[Start of section]

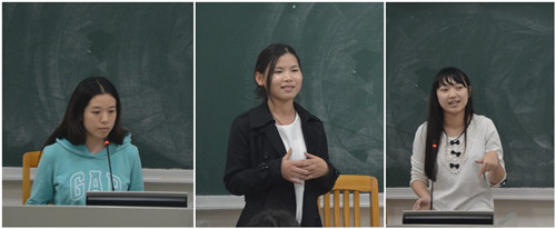 在付院长的解说之后,来自12级留学归来的嘉宾们也和同学们分享了她们的留学之旅。她们分别来自美国肯塔基州立大学,韩国仁荷大学,澳洲昆士兰科技大学。师姐们主要在学业,生活方面与大家进行了经验交流,也介绍了大家关心的出国经费状况。她们认为在国外学习的机会很宝贵,要努力学习,融入集体生活很重要。
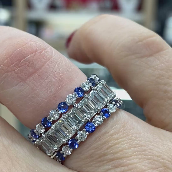 This ultimate alternating sapphire and diamond eternity ring is the perfect addition to your collection. It looks stunning worn alone but is delicate enough to stack with your other stacking rings.
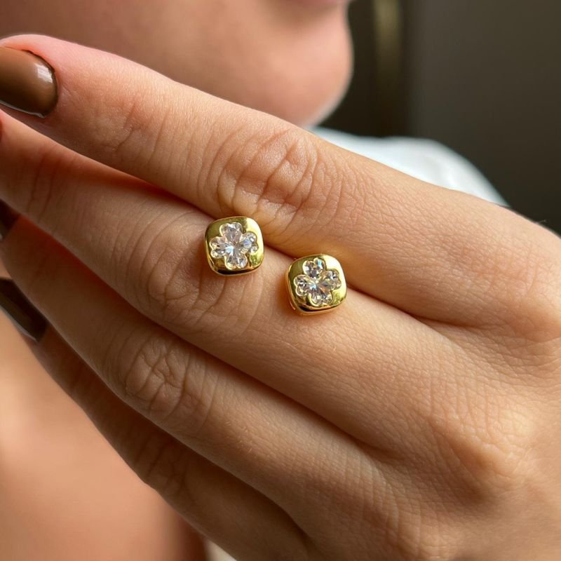 Brinco Minimalista Beatriz Trevo Em Zircônia Ouro18k/Prata 925
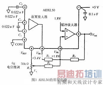 图3为一个更常用的电路。其中使用了ADXL50片内提供的3.4 V参考电压,增加了一个电位器Rt。这时的Vout由下式确定:
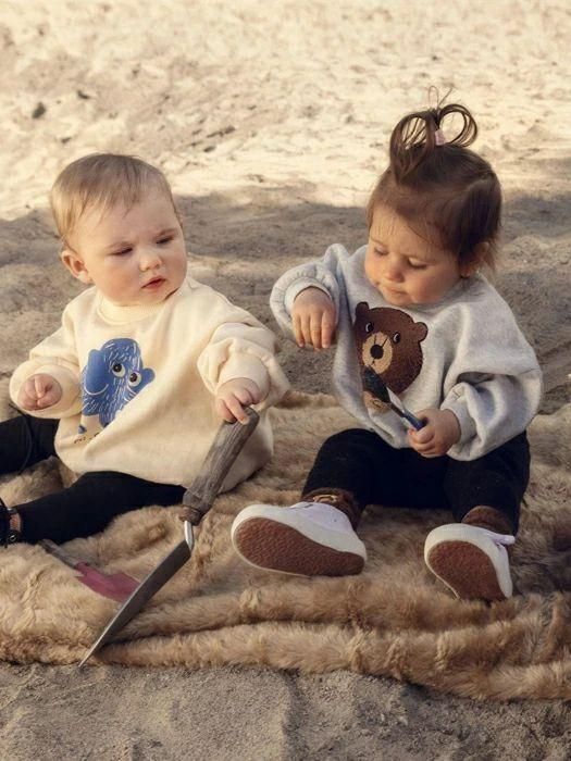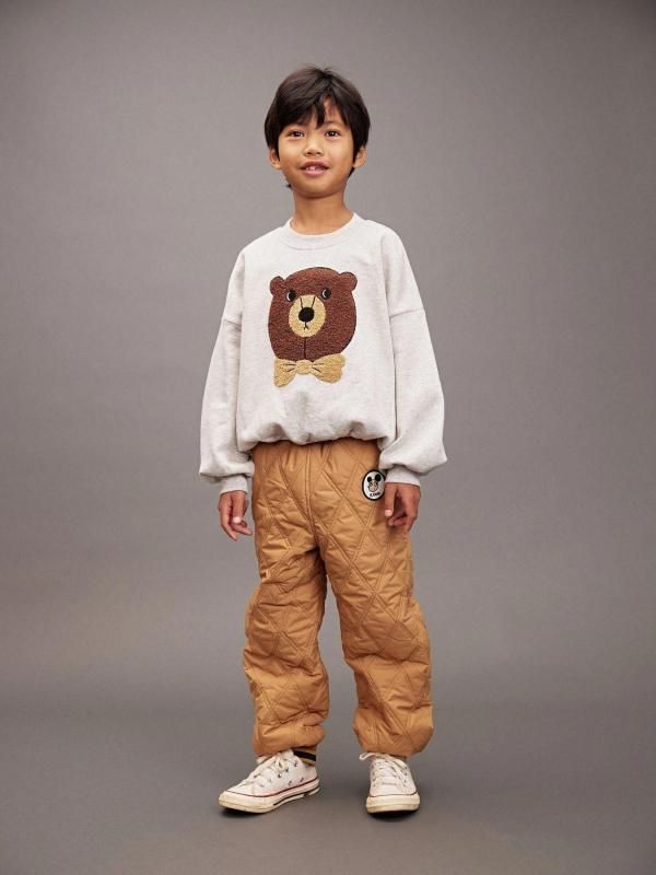クマのパッチワークが印象的な、3シーズン使いやすいスウェットです。
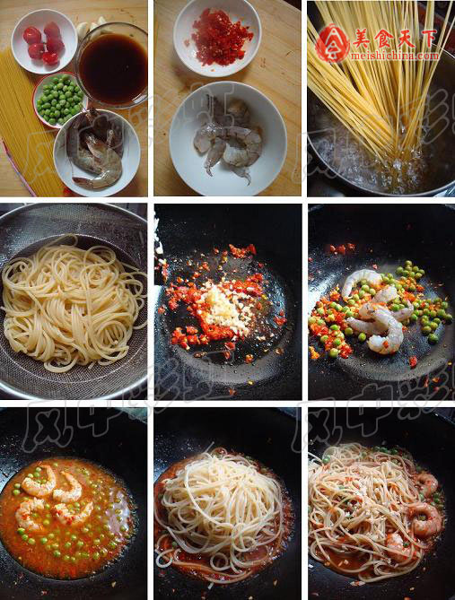 8、烧至汤汁开始黏稠,倒入煮好的意大利面;

[End of section]

Activity: Return each record exactly as given, excluding any image.

Exercise output:
 在付院长的解说之后,来自12级留学归来的嘉宾们也和同学们分享了她们的留学之旅。她们分别来自美国肯塔基州立大学,韩国仁荷大学,澳洲昆士兰科技大学。师姐们主要在学业,生活方面与大家进行了经验交流,也介绍了大家关心的出国经费状况。她们认为在国外学习的机会很宝贵,要努力学习,融入集体生活很重要。
 This ultimate alternating sapphire and diamond eternity ring is the perfect addition to your collection. It looks stunning worn alone but is delicate enough to stack with your other stacking rings.
 Brinco Minimalista Beatriz Trevo Em Zircônia Ouro18k/Prata 925
 图3为一个更常用的电路。其中使用了ADXL50片内提供的3.4 V参考电压,增加了一个电位器Rt。这时的Vout由下式确定:
クマのパッチワークが印象的な、3シーズン使いやすいスウェットです。
 8、烧至汤汁开始黏稠,倒入煮好的意大利面;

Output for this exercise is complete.